Habe ich einem Menschen die Pistole auf die Brust gesetzt? Wahrscheinlich ja, aber vielleicht habe ich das Recht zu fordern? Habe ich zu lange die Füße still gehalten? All diese Fragen lassen sich nicht konkret beantworten, aber ich kann behaupten, dass es sich entwickelt mit wachsendem Selbstbewusstsein. Und ihr dürft mir glauben, dass diese Wertschätzung, die ich durch den Einsatz gerade erlebe, unheimlich schätze und es mir gut tut. Ich habe einen Mehrwert. Den hat jeder Einzelne. Aber es wirkt jetzt besonders nach. Jetzt, wo es um Nägel mit Köpfen geht.

Interessant finde ich trotzdem immer noch, dass man doch so wenig persönlich darauf angesprochen wird. „Hinterrücks“ wissen das doch eh schon fast alle. In solch einem Betrieb bleibt ja nicht allzu lange was geheim. Wobei so das ein oder andere Geheimnis ist noch nicht durchgedrungen. Aber das bleibt auch so.

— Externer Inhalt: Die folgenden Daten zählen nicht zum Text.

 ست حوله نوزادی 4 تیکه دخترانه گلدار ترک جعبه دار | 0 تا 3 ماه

Letzte Woche gab es zu diesen Ereignissen auch noch ein tolles Naturspektakel, welches noch ein i-Tüpfelchen gesetzt hat. Und ich habe wohl einige mit angesteckt. Es gab doch tatsächlich über eine knappe Stunde ein größeres Spektrum von Polarlichtern zu sehen. Ein Grund, um auch irgendwann mal wieder gen Norden zu reisen. Aber das es hier soooo deutlich zu sehen sein wird, hat mich sehr beeindruckt. Folgen werden einige Bilder, die ich in dieser wachen Stunde gemacht habe. Realität ist wie ein kleiner Nebelschwaden gewesen, aber mit Kamera einfach wunderbar. Dank der Sonnenaktivität und unserem funktionierenden Magnetfeld sieht das dann so aus:

Es ist einfach die reine Faszination, wie so etwas möglich ist. Physikalische Gesetze ganz einfach gesehen. Scheinbar unsichtbare Materie wird sichtbar. Kunst, die gezeichnet wird und jeder kann sie anders interpretieren. Aber wirklich alle, die ich angesteckt habe mit der Info, waren begeistert.

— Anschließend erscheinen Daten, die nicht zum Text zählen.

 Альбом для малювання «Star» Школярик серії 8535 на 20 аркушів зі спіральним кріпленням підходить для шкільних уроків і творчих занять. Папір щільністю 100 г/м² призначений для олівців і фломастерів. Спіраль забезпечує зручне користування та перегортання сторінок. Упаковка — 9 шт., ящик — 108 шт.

Was denke ich, wenn ich so etwas sehe. Es schickt der Himmel sein schönstes Farbenkleid. Oder ist es doch der lange Atem, den man manchmal noch spüren möchte? Es gibt einfach eine ganz besondere Verbindung zum Nachthimmel. Egal wie, es lässt mich wirklich abschalten. Dabei ist es unwichtig, ob Tag oder Nacht. Ein Blick nach oben und drei Mal tief durchatmen und es erdet mich von all den Faktoren drumherum. Noch dazu kommt das Wissen, dass jeder seinen eigenen schweren Rucksack zu tragen hat und dadurch vielleicht so tickt, wie er tickt. Gar nicht schlimm. Auch nicht, wenn jeder seine eigene Meinung hat. Wichtig ist doch, dass man sich objektiv austauschen kann, ohne es zu sehr persönlich zu nehmen. Wir leben schließlich voneinander, weil wir soziale Wesen sind. Und somit habe ich den Bogen zum Bild wieder gefunden.

Kunst ist das, was du mit den Sinnen wahrnehmen kannst. Interpretation ist das, was dein Kopf daraus machst.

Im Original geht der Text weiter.